ここでは、労災が発生した際に会社が負う刑事的・民事的責任とはどのようなものなのかを見ていきましょう。
労災が発生した際に会社が負う法律上の責任は、刑事的および民事的の2つの側面があります。
労災の刑事的責任は、警察署および労働基準監督署により追求されます。刑事的責任の法的根拠は、業務上過失致死傷罪と労働安全衛生法違反となります。
また、民事的責任については、労災保険による補償によって一部は果たすこととなりますが、さらに損害賠償責任を会社が負うことがあります。賠償責任の法的根拠は、労働契約法第5条に定められた安全配慮義務の違反による債務不履行責任、および不法行為責任です。
労災が起こった際の会社の刑事的責任は、警察署と労働基準監督署により追求されます。
警察が労災の刑事的責任を追求する際の法的根拠は、刑法第211条の業務上過失致死傷罪となります。
「刑法第211条 業務上過失致死傷罪
業務上必要な注意を怠り、よって人を死傷させた者は、5年以下の懲役若しくは禁錮又は100万円以下の罰金に処する。重大な過失により人を死傷させた者も、同様とする。」
労働基準監督署が労災の刑事的責任を追求する際の法的根拠は、労働安全衛生法第20条~25条の2です。労働安全衛生法第20条~25条の2には、事業者が果たすべき危険防止や健康障害の防止、労働災害の防止などのために必要とされる措置が定められています。
罰則については、労働安全衛生法第117条~第122条において、
・1年以下の懲役または100万円以下の罰金
・6月以下の懲役または50万円以下の罰金
・50万円以下の罰金
が、それぞれの罪状に応じて定められています。
警察署が労災の刑事的責任を追求する際の根拠となる業務上過失致死傷罪は、あくまでも「過失」犯であり、また死傷の結果が出て初めて犯罪が成立します。それに対して、労働基準監督署が刑事的責任を追求する際の根拠となる労働安全衛生法の違反は「故意」犯であり、また死傷の結果が発生しなくても犯罪が成立します。
したがって、労働基準監督署の行政指導に従わず、措置義務違反をくり返すなどのケースでは、労災の発生を伴わなくても刑事責任が問われることがあります。
労災が発生し、労働基準監督署が送検した事例として次のようなものがあります。
・急斜面での草刈り作業現場において、安全帯を使用させるなどの崩落防止措置を怠ったために死亡災害を発生させたことによる労働安全衛生法違反(平成28年3月7日、東京都三宅島)。
・解体作業現場において、石綿を含むスレート屋根の解体作業を行うにあたり、選任すべき石綿作業主任者を選任しなかったことによる労働安全衛生法違反(平成28年3月14日、東京都足立区)。
労災が発生した際の会社の民事的責任は、労災保険による補償の給付で一部果たすことにはなります。

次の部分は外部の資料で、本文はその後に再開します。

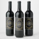 Rótulo de Garrafa Real Elegante e design moderno de Monograma de Ouro Negro Clássico. Incluindo o design de damasco floral do rico.

しかし、労災保険は、慰謝料や、療養のために発生した親族などの所得損失、休業補償と平均賃金との差額などについては給付の対象となりません。
したがって、これを不満として労災の被災者や遺族から損害賠償請求が提起されることがあります。
賠償責任の根拠となるのは、労働契約法第5条の安全配慮義務、および民法第709条の不法行為責任となります。
「労働契約法第5条 労働者の安全配慮
使用者は、労働契約に伴い、労働者がその生命、身体等の安全を確保しつつ労働することができるよう、必要な配慮をするものとする。」
「民法第709条 不法行為による損害賠償
故意又は過失によって他人の権利又は法律上保護される利益を侵害した者は、これによって生じた損害を賠償する責任を負う。」
安全配慮義務違反については、労働安全衛生法をすべて遵守している場合でも、民事訴訟において認められることがあります。
なぜならば、労働安全衛生法は、労災を防止するために最も重要な事柄についてのみ刑事罰を課しているものです。労働契約法第5条に規定される「労働者がその生命、身体等の安全を確保しつつ労働することができるために必要な配慮」は、労働安全衛生法に規定された事柄がすべてとはいえないからです。
労災が発生し、会社が賠償責任を負うこととなった裁判例として次のようなものがあります。
・宿直中の従業員が元従業員に殺害されたのは、元従業員が会社への窃盗事件を過去にくり返していたにもかかわらず、入り口へののぞき窓やインターフォン、防犯ベルなどの設置を怠った会社の安全配慮義務違反として1,637万円の損害を認定(川端事件、昭和59年4月10日最高裁判決)。
・陸上自衛隊員が車両整備中にバックしてきたトラックに轢かれて死亡したのは、自衛隊員の生命に危険が生じないように注意し、人的および物的環境を整備し、また安全管理に万全を期すべき義務を怠った国の安全配慮義務違反と認定(陸上自衛隊八戸車両整備工場事件、昭和50年2月25日最高裁判決)。
労災の発生に対して会社は大きな責任を負っています。労災保険による補償で果たされるのは責任のうちの一部であり、さらなる刑事的・民事的責任を会社が追求されるケースも多くあります。
労災が発生した際には、会社は、自らの責任をしっかりと自覚し、慎重かつ誠実に対応することが必要となるでしょう。